[Data items]
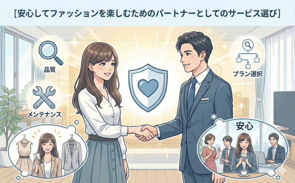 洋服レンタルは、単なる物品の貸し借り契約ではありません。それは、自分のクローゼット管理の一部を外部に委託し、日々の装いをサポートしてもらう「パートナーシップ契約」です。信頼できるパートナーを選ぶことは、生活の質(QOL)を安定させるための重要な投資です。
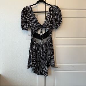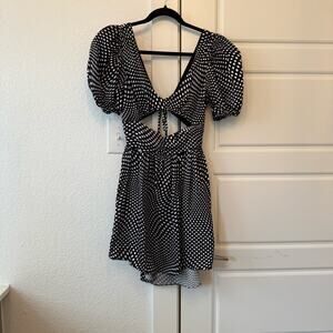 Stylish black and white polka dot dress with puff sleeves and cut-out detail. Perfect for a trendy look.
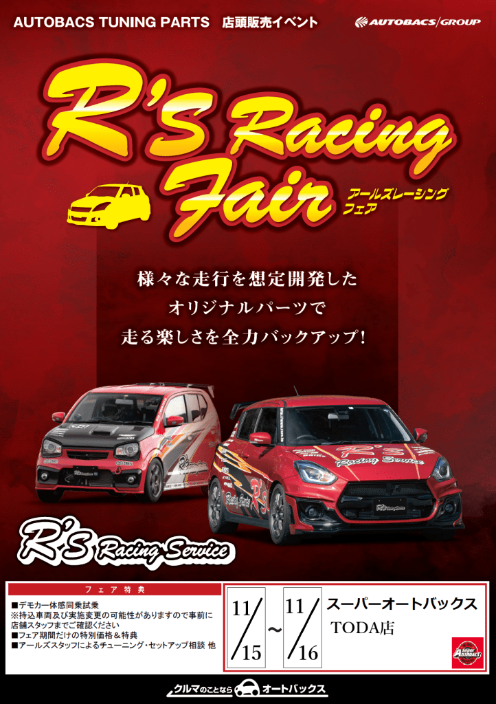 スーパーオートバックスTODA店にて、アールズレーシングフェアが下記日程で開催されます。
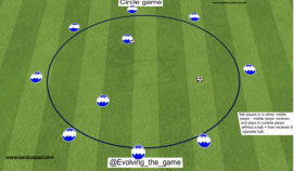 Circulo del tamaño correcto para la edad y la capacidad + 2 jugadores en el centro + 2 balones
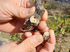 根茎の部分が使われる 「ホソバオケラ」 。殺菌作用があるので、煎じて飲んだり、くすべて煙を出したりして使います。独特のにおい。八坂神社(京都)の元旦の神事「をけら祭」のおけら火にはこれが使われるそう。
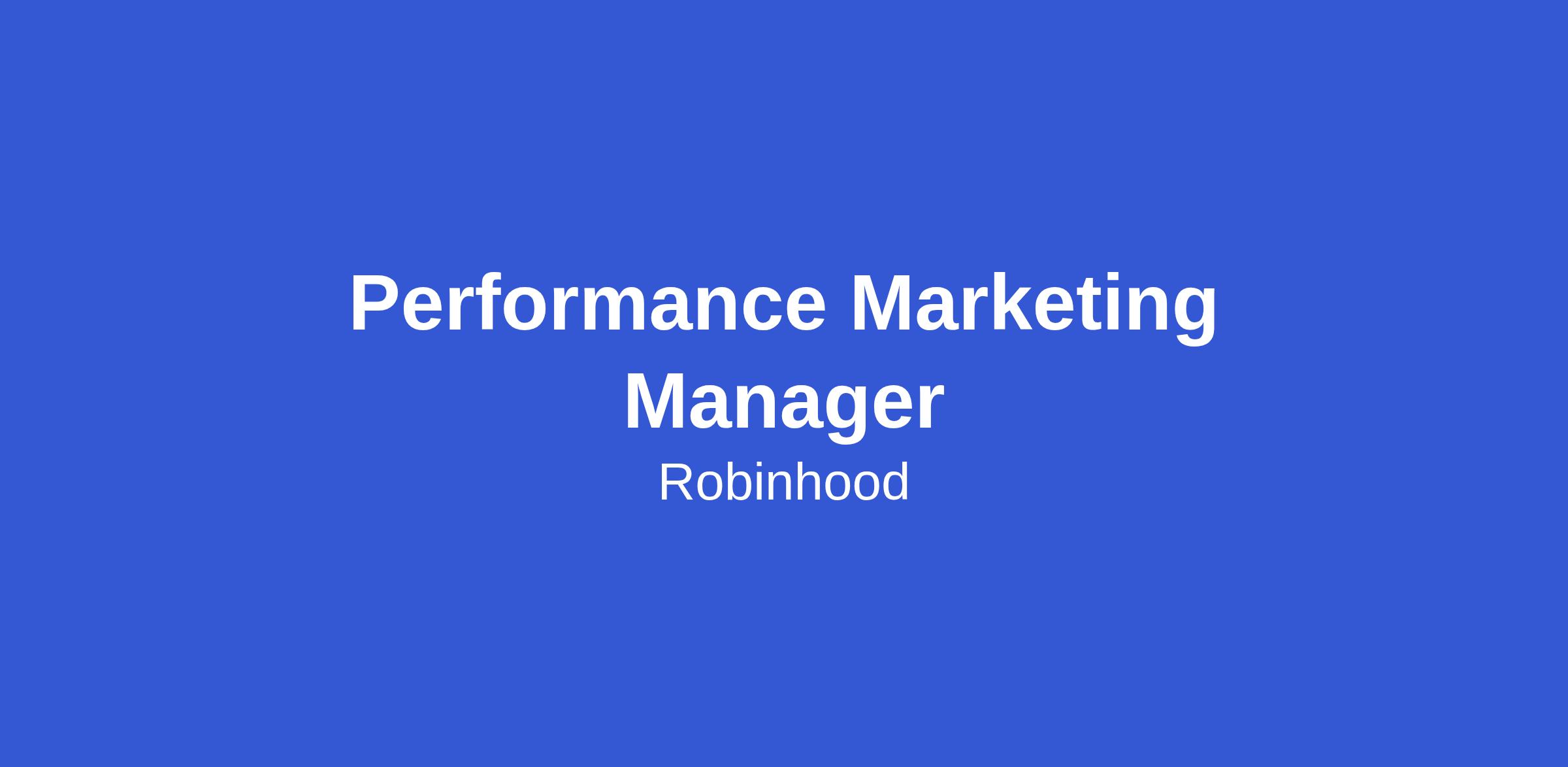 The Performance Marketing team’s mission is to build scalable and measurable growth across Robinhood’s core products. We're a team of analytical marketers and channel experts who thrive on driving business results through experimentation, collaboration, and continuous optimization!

REQUIRED WORK: When copying the records, reproduce every entry exactly and omit all pictures.

WRITTEN RESPONSE:
 洋服レンタルは、単なる物品の貸し借り契約ではありません。それは、自分のクローゼット管理の一部を外部に委託し、日々の装いをサポートしてもらう「パートナーシップ契約」です。信頼できるパートナーを選ぶことは、生活の質(QOL)を安定させるための重要な投資です。
 Stylish black and white polka dot dress with puff sleeves and cut-out detail. Perfect for a trendy look.
 スーパーオートバックスTODA店にて、アールズレーシングフェアが下記日程で開催されます。
 Circulo del tamaño correcto para la edad y la capacidad + 2 jugadores en el centro + 2 balones
 根茎の部分が使われる 「ホソバオケラ」 。殺菌作用があるので、煎じて飲んだり、くすべて煙を出したりして使います。独特のにおい。八坂神社(京都)の元旦の神事「をけら祭」のおけら火にはこれが使われるそう。
 The Performance Marketing team’s mission is to build scalable and measurable growth across Robinhood’s core products. We're a team of analytical marketers and channel experts who thrive on driving business results through experimentation, collaboration, and continuous optimization!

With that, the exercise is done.